Mr Sandstorm Darude fixes me with an accusatory glare and I wither under his stony gaze.

"I dowt nutfing, blad, you dun understanndddpjo!"

"Get ye to the breach!" And that's code for "drag the slimy bastard to the sick bay, you lil wallowy cunt."

So I do. I drag Nedword by the swollen ankles, and apologise profusely as I haul him through Tiffany's off-cuts, towards the sick bay. He moans and grumbles and lolls his head against the floor. Tiffany's rust-stinking blood coagulates in his fair hair and his shirt hitches up above his naval, exposing the deft line of his hairy puffa fish. I can scarcely deal with this, and I avert my gaze politely. I've never seen one of those before. The medical bay woman slimes out from underneath her desk and crests like a swallow beside him, flicking and flicking until he's alright. There. Done. I'm cold ass bored of this part, too, but you get the idea. Nedword Culong is a little ass wipe with no head for blood and a super-sensitive lower leg.

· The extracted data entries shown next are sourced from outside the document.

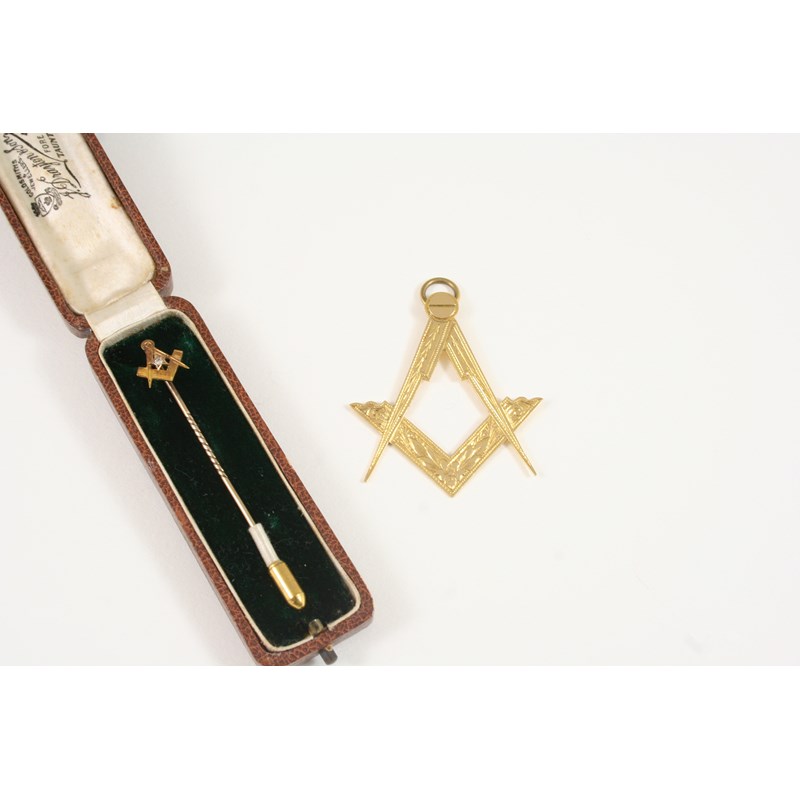 AN 18CT. GOLD MASONIC PENDANT 5cm. high, 7.6 grams, together with a 15ct. gold Masonic stick pin, centred with a small diamond.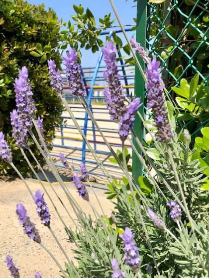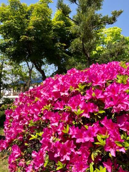 強い日差し・青空・学校の植物などみんな輝いています。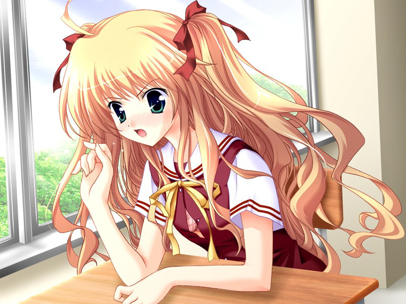 1girlahogeblonde hairbradeskfemale focusgreen eyeslingerielong hairopen clothesopen shirtschool uniformshirtsolotwintailsunderwear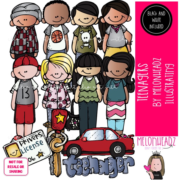 Teenagers clip art, Big Kid clip art COMBO PACK: This illustrated set contains all of the clip art images as shown in the preview picture. COLORED and BLACK AND WHITE illustrations included.

Skip three months and Nedword and I have been cohabitating in Taco Bell for about a week or so, scuffling Taco's from underneath the counter with long tongue while people wait for their order.

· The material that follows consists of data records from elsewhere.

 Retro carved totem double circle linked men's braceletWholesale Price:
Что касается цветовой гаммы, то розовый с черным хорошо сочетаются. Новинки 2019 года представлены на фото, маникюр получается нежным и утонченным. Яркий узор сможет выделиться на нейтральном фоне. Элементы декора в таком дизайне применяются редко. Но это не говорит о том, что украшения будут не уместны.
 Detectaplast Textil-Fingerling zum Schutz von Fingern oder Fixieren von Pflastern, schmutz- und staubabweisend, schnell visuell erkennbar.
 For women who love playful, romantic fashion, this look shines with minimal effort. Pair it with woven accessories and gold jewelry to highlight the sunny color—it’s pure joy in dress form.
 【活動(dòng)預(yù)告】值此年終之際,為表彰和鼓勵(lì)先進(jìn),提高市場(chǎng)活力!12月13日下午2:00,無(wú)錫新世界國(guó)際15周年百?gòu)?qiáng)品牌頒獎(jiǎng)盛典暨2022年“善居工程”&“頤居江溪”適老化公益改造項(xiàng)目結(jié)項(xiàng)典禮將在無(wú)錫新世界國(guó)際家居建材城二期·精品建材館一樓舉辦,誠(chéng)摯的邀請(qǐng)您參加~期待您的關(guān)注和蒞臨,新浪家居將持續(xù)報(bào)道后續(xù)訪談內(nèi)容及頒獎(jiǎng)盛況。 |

Okay, I'm super fucking bored of this cold ass shit, so...

Basically, we do the frick frack under the Taco Bell counter, and it's underwhelming and his breath smells of rancid Mexican food. So I decided that for making my mouth a stink ass ho I would haul him into one of the bins and take over the food chain all by myself. Thayere. I am a woman who don't need no man, and he was a man who wouldn't eat no flan. I know I'm a poet but please don't shower this novelette with too many shining reviews.